5. Active Grade 2-4 acute graft versus host disease (GVHD), active moderate-to-severe
chronic GVHD, or requirement for systemic immunosuppressive medications for GVHD.
6. Evidence of ongoing and uncontrolled systemic bacterial, fungal, or viral infection.
7. Known seropositivity or history of active viral infection with human immunodeficiency
virus (HIV).
8. Ongoing significant liver disease such as cirrhosis, drug-induced liver injury, active
hepatitis or chronic persistent hepatitis B and/or C.
9. Impairment of gastrointestinal function or gastrointestinal disease that may
significantly alter the absorption of SEL120 (e.g. active inflammatory bowel disease,
ulcerative disease, malabsorption syndrome, short bowel syndrome, uncontrolled nausea,
vomiting or diarrhea).
10. Ongoing drug-induced pneumonitis.
11. Concurrent participation in another investigational clinical trial.
12. Taking any medications, herbal supplements or other substances (including smoking)
that are known to be strong inhibitors or inducers of CYP1A2 or that can prolong Q
wave to T wave (QT) interval and/or cause torsade de pointes within less than 2 weeks
or 5 half-lives, whichever is shorter, prior to first dose of study drug.
13. Significant cardiac dysfunction defined as myocardial infarction within 12 months of
first dose of study drug, New York Heart Association (NYHA) Class III or IV heart
failure, uncontrolled dysrhythmias, or poorly controlled angina.

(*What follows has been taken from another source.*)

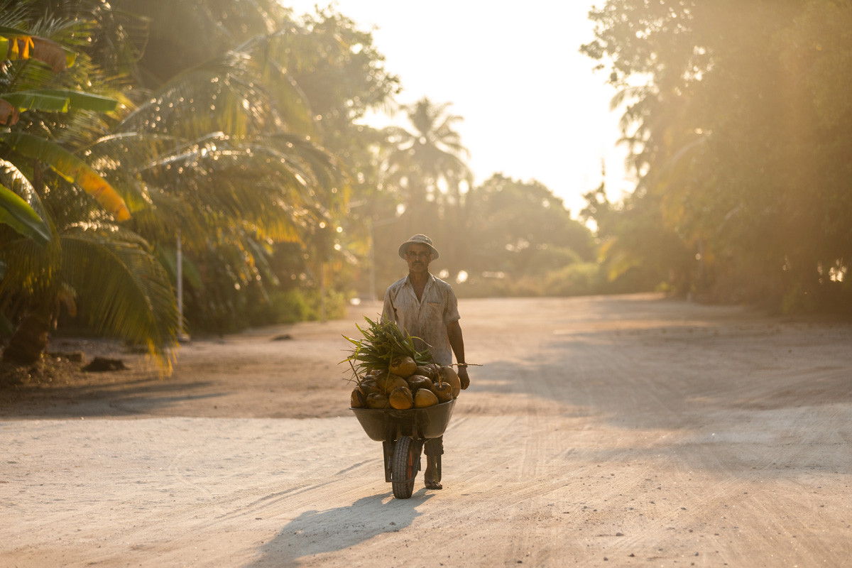 Tief in der Kultur verwurzelt, ist «Ruh» der Nationalbaum der Malediven, wo die Menschen fast jeden Teil der Pflanze zu nutzen wissen. Generationen von Inselbewohnern leben im Rhythmus des Baumes, den sie umgibt – sie prägen das Landschaftsbild. So beobachtet man staunend, wie Kokosnusspflücker flink die dünnen, windgebogenen Stämme emporklettern, um an die smaragdgrünen bis tigeraugenbraunen Früchte zu gelangen. Denn schon die junge Kurumba-Kokosnuss dient als Durstlöscher. Reich an Elektrolyten ist ihr Saft eine willkommene Erfrischung in den tropischen Breitengraden. Wer nicht schlürfen mag, löffelt ihr weiches Fruchtfleisch aus.

14. Personal or family history of serious ventricular arrhythmia, or QT interval corrected
for heart rate (QTc) ≥450 ms (Bazett's formula).

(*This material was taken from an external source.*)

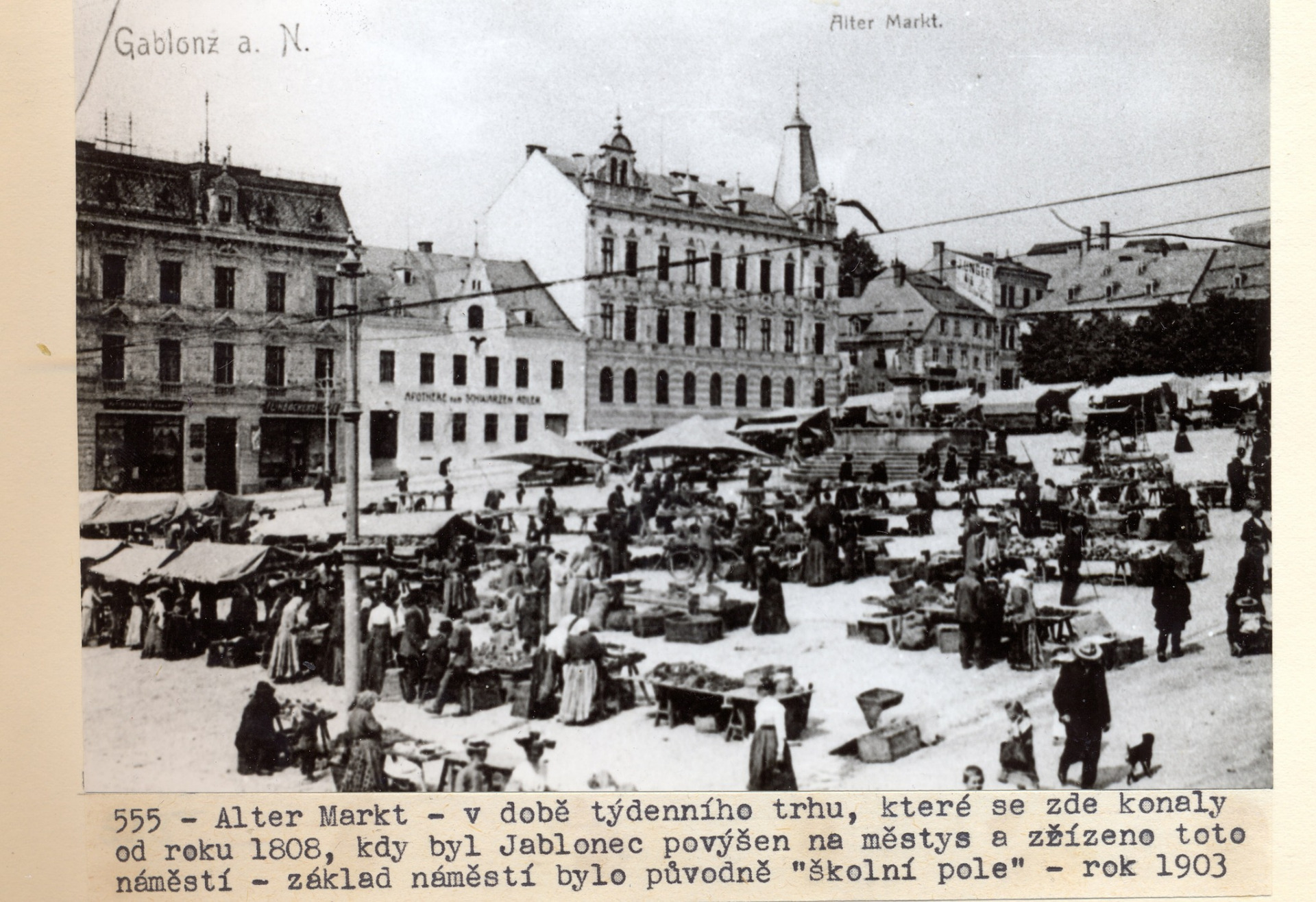 Spolu s povýšením na městys v roce 1808 obdržel Jablonec právo pořádat trhy. Proto bylo při tehdejší formanské cestě do Smržovky založeno prostorné tržiště ve tvaru obdélníku. Po jeho obvodu se začaly stavět první jednopatrové domy, a tak postupně vznikalo náměstí, nesoucí název Alter Markt - Starý trh. Jeho podobu z té doby, často poněkud idealizovanou, bychom mohli vidět na několika archivních obrazech a kresbách. Až fotografie a pohlednice z konce 19. a počátku 20. století nám věrohodně ukazují, jak s postupujícími lety náměstí měnilo svoji podobu.

15. Any other prior or current medical condition, intercurrent illness, surgical history,
physical or electrocardiogram (ECG) findings, laboratory abnormalities, or extenuating
circumstance (e.g. alcohol or drug addiction) that, in the Investigator's opinion,
could jeopardize patient safety or interfere with the objectives of the study.

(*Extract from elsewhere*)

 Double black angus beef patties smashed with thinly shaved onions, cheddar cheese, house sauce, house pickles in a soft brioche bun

16. Prior history of malignancies other than AML or MDS, unless the patient has been free
of the disease for 5 years or more prior to Screening. Exceptions to the ≥5-year time
limit include history of the following:
1. basal cell carcinoma of the skin;
2. non-metastatic squamous cell carcinoma of the skin;
3. carcinoma in situ of the cervix;
4. carcinoma in situ of the breast;
5. carcinoma in situ of the bladder; and
6. incidental histological finding of prostate cancer (Tumor/Node/Metastasis [TNM]
stage of T1a or T1b).
17. Pregnant or breast-feeding females.